→ Directions
The output should be the listing below, limited to the lines from the one with "3D floral embellishments." through the one with "وبحسب ما شاهد", exact and without pictures.

→ Material for the task
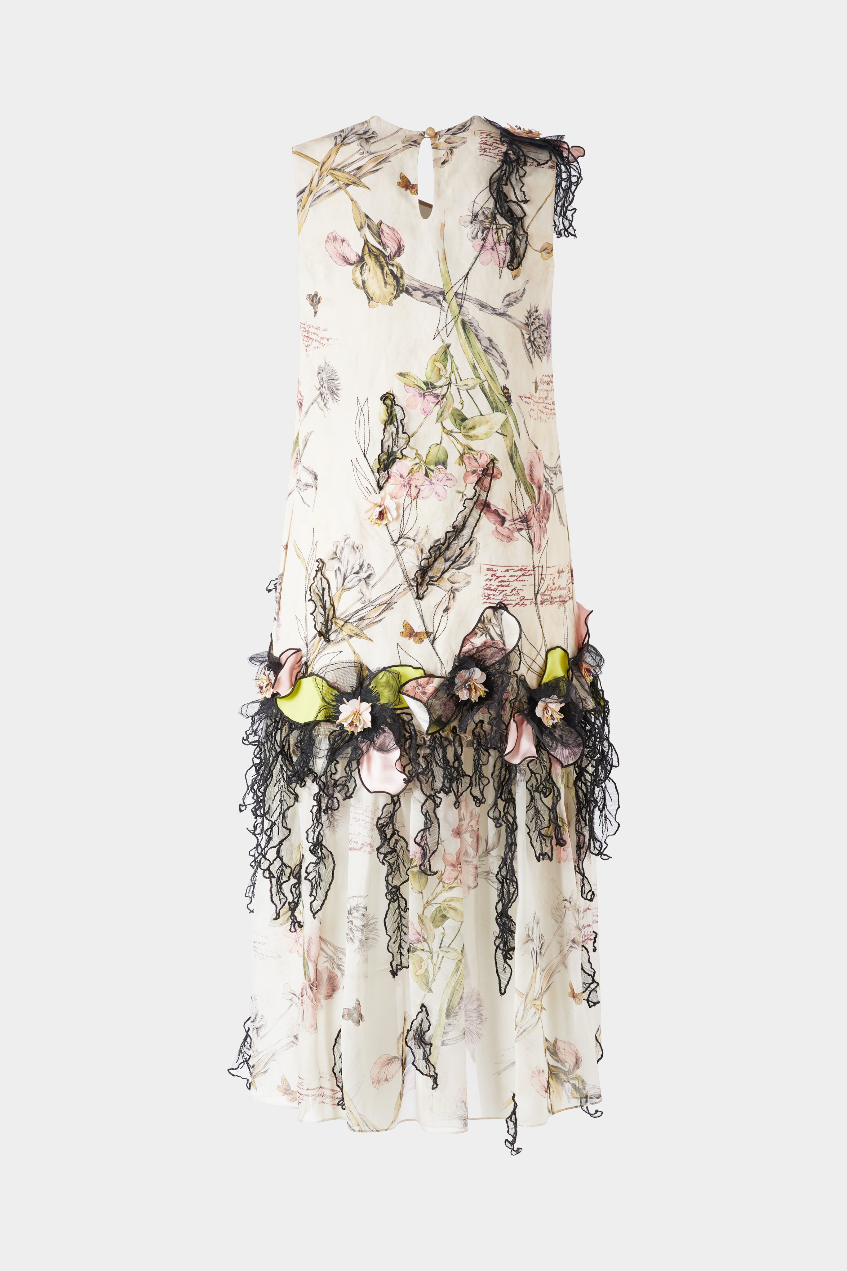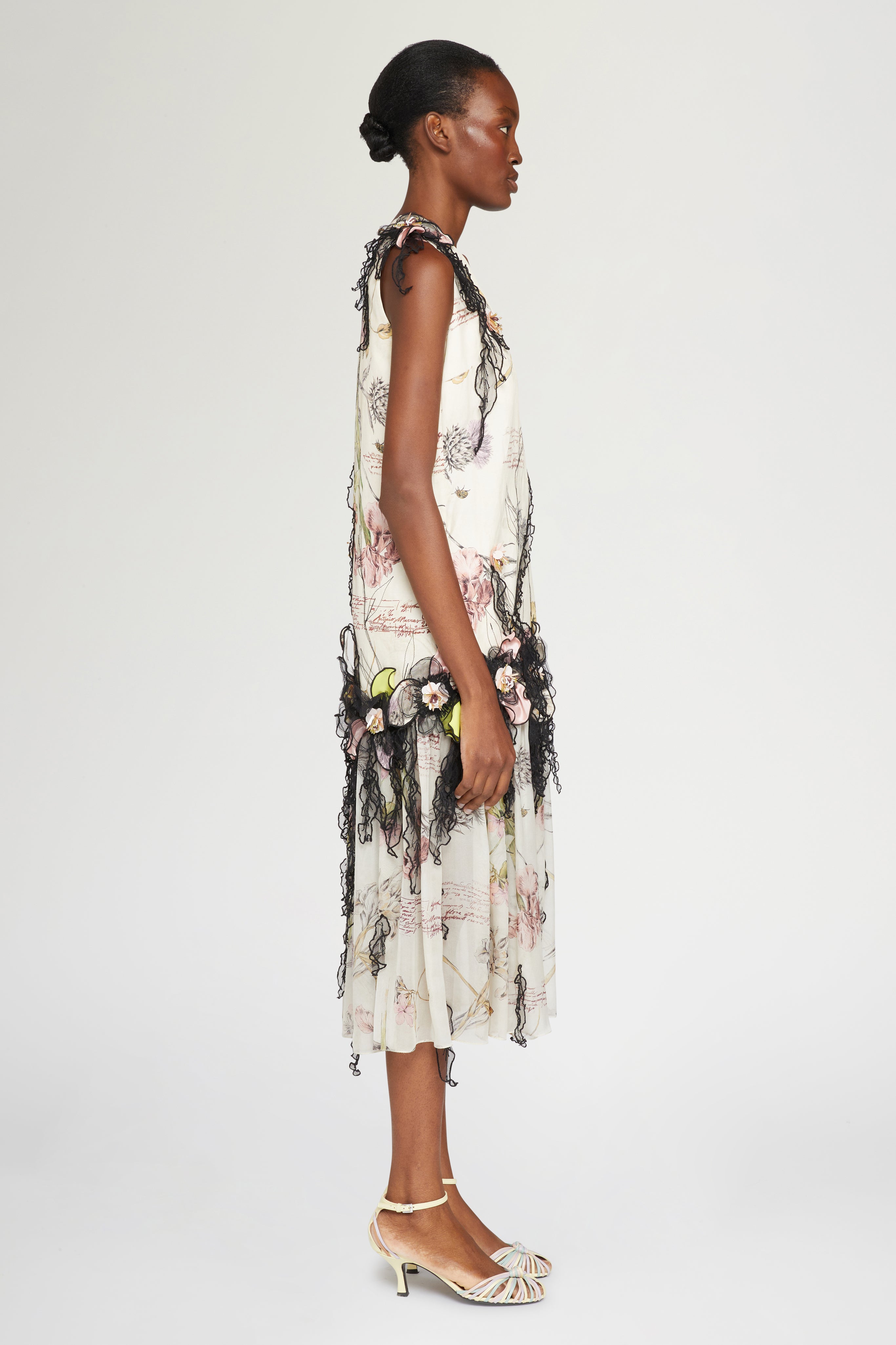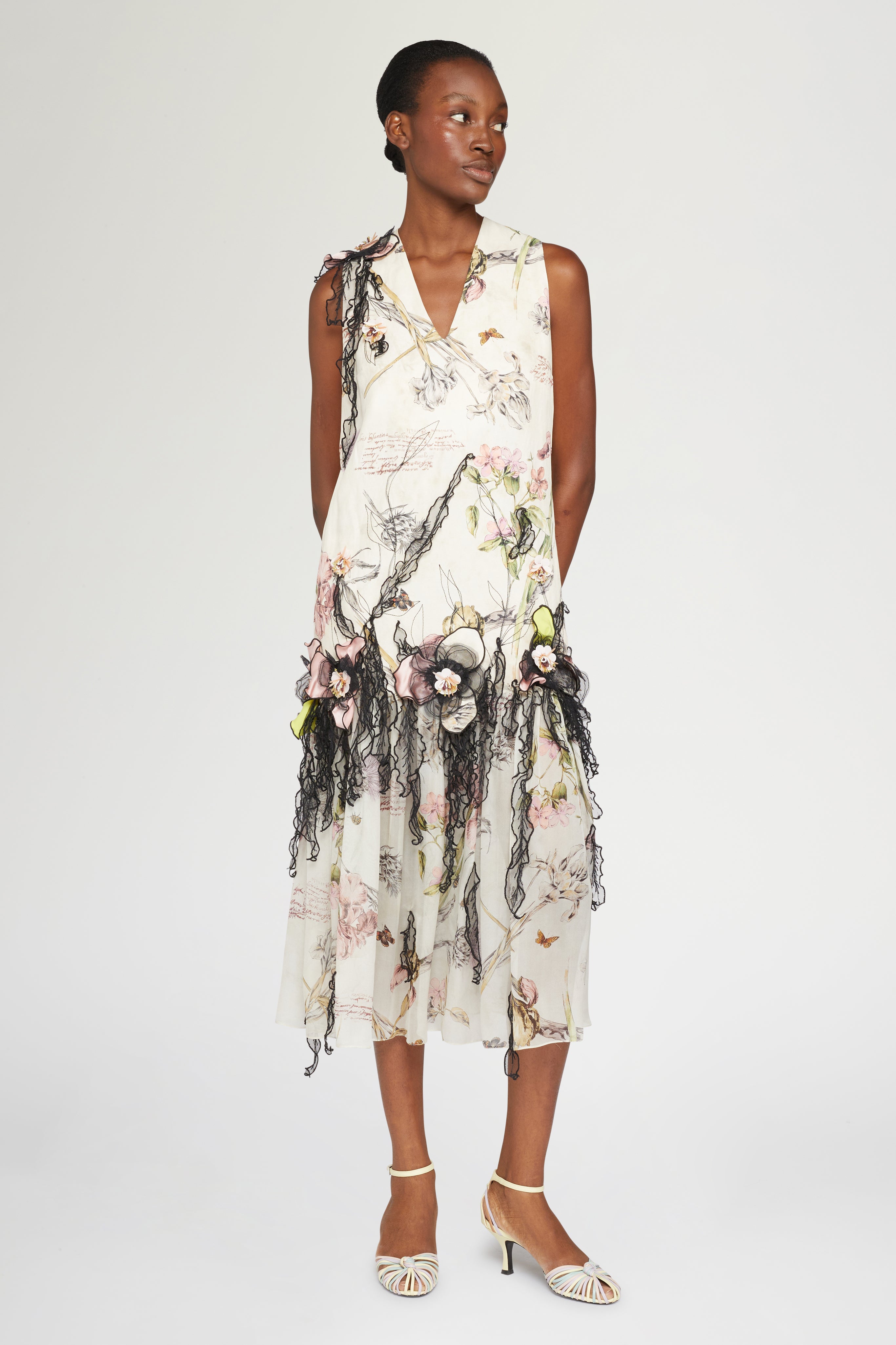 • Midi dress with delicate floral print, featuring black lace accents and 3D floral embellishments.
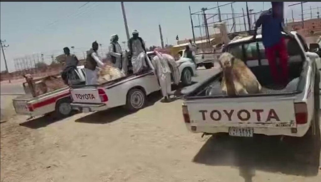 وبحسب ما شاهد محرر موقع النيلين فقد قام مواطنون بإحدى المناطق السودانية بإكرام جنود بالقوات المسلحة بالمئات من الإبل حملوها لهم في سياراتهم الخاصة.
---
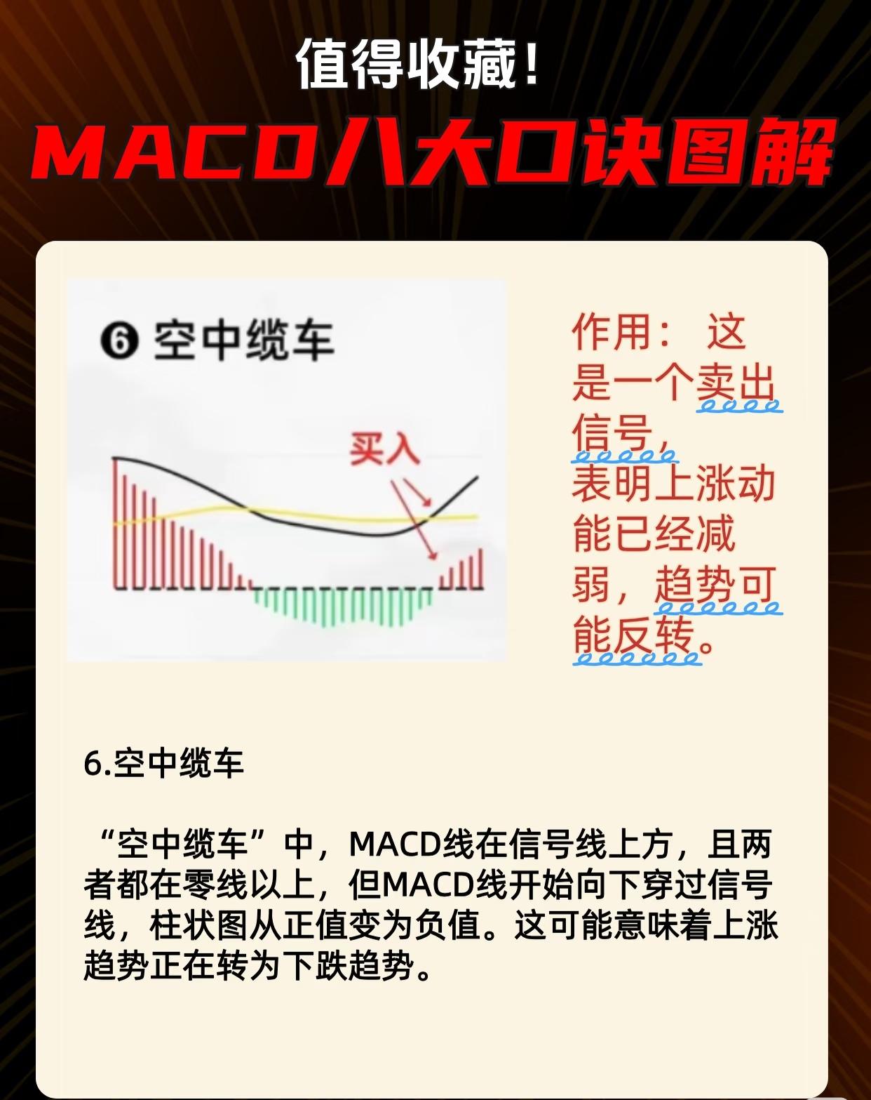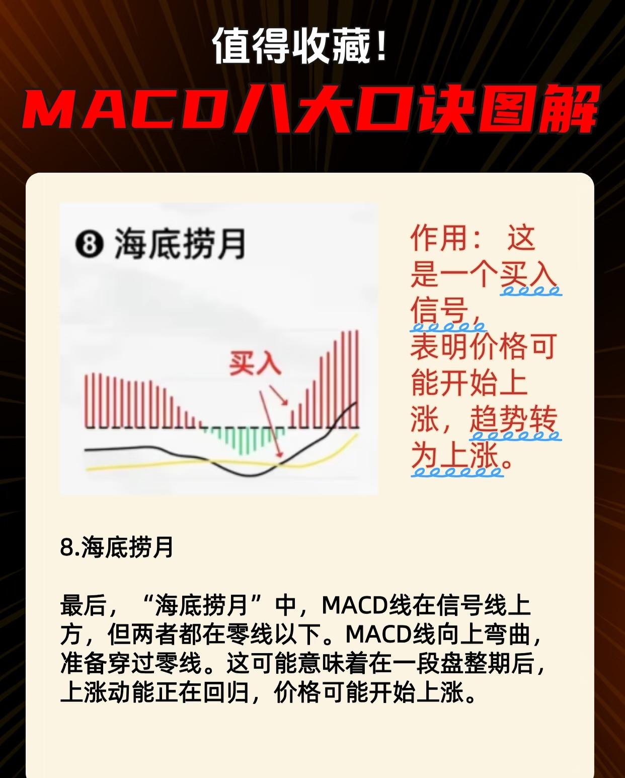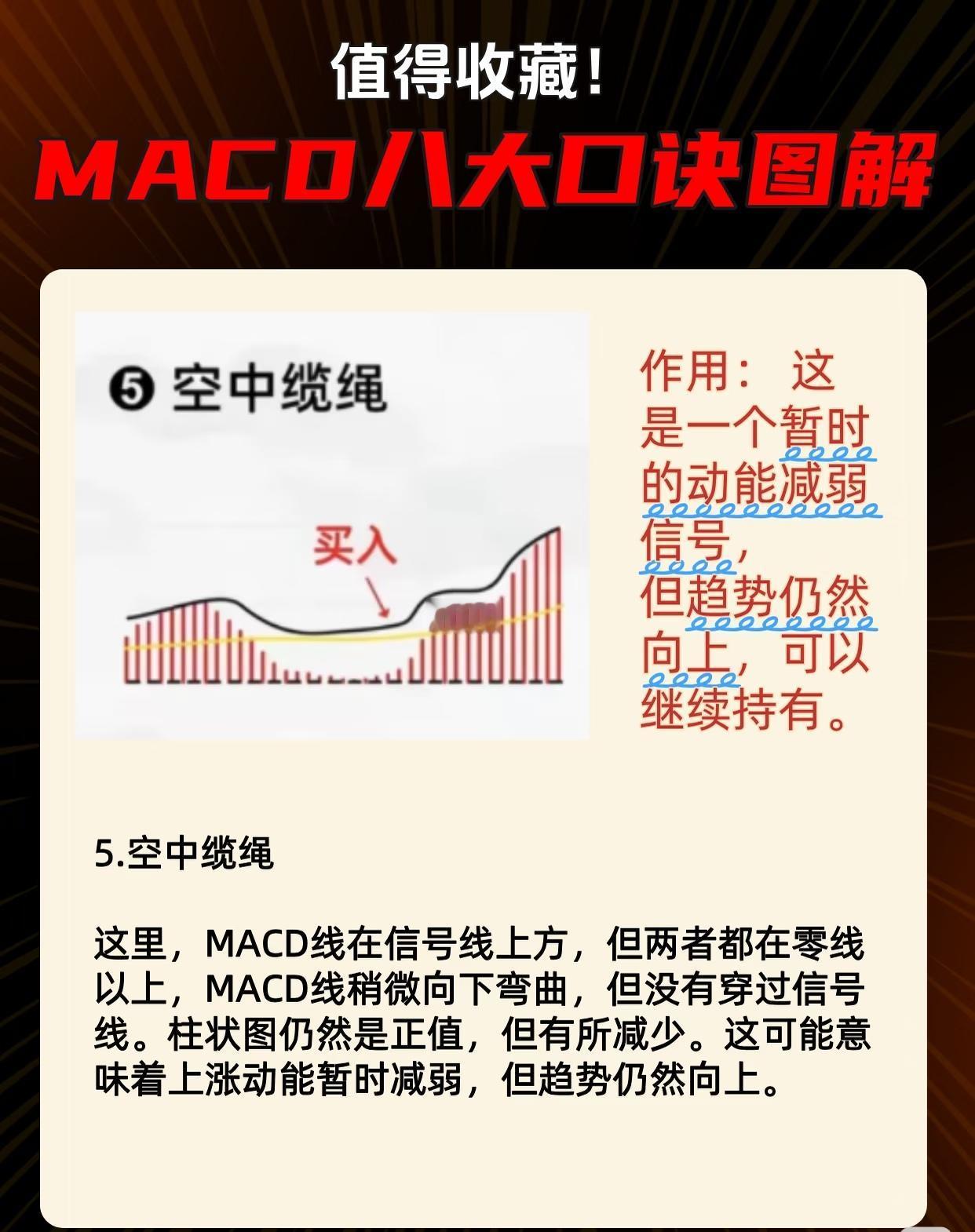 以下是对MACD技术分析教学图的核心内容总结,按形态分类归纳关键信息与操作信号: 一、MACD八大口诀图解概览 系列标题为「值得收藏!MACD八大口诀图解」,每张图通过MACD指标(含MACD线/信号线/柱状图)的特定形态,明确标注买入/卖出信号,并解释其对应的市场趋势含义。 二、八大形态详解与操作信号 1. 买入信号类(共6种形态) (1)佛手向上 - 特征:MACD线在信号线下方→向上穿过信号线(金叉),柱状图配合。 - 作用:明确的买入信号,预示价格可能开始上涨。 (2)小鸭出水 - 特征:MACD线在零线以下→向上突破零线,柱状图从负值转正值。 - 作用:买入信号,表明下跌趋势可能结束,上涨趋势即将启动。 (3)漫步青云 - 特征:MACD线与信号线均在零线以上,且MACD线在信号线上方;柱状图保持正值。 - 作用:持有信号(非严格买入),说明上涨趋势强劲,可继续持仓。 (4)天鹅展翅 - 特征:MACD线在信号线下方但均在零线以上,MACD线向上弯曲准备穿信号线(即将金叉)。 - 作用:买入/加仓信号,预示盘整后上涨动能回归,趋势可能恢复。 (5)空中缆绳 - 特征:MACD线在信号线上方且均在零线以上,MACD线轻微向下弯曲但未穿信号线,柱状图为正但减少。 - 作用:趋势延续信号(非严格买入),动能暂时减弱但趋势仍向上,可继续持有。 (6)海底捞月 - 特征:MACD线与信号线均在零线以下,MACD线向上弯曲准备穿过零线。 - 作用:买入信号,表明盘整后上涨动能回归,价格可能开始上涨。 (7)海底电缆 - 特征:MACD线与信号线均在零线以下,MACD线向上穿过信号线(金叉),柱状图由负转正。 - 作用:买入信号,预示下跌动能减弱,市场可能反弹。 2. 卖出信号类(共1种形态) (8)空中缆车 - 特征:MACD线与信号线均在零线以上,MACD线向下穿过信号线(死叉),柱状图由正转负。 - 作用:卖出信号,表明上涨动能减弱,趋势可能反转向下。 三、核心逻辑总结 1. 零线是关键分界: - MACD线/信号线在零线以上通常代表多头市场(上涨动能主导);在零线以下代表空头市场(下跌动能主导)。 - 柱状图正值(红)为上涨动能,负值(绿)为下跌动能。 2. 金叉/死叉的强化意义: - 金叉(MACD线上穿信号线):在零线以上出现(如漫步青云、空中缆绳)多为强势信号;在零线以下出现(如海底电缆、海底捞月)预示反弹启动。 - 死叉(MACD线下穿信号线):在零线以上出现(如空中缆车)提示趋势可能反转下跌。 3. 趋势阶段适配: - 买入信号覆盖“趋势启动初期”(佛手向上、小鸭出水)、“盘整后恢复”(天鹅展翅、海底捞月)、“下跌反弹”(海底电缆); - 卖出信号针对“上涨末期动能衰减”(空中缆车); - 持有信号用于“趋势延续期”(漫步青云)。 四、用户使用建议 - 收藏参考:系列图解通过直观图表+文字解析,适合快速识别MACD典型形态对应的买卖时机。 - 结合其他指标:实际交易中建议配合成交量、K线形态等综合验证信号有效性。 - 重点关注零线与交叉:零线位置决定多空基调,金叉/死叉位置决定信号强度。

→ Result for this task
 • Midi dress with delicate floral print, featuring black lace accents and 3D floral embellishments.
 وبحسب ما شاهد محرر موقع النيلين فقد قام مواطنون بإحدى المناطق السودانية بإكرام جنود بالقوات المسلحة بالمئات من الإبل حملوها لهم في سياراتهم الخاصة.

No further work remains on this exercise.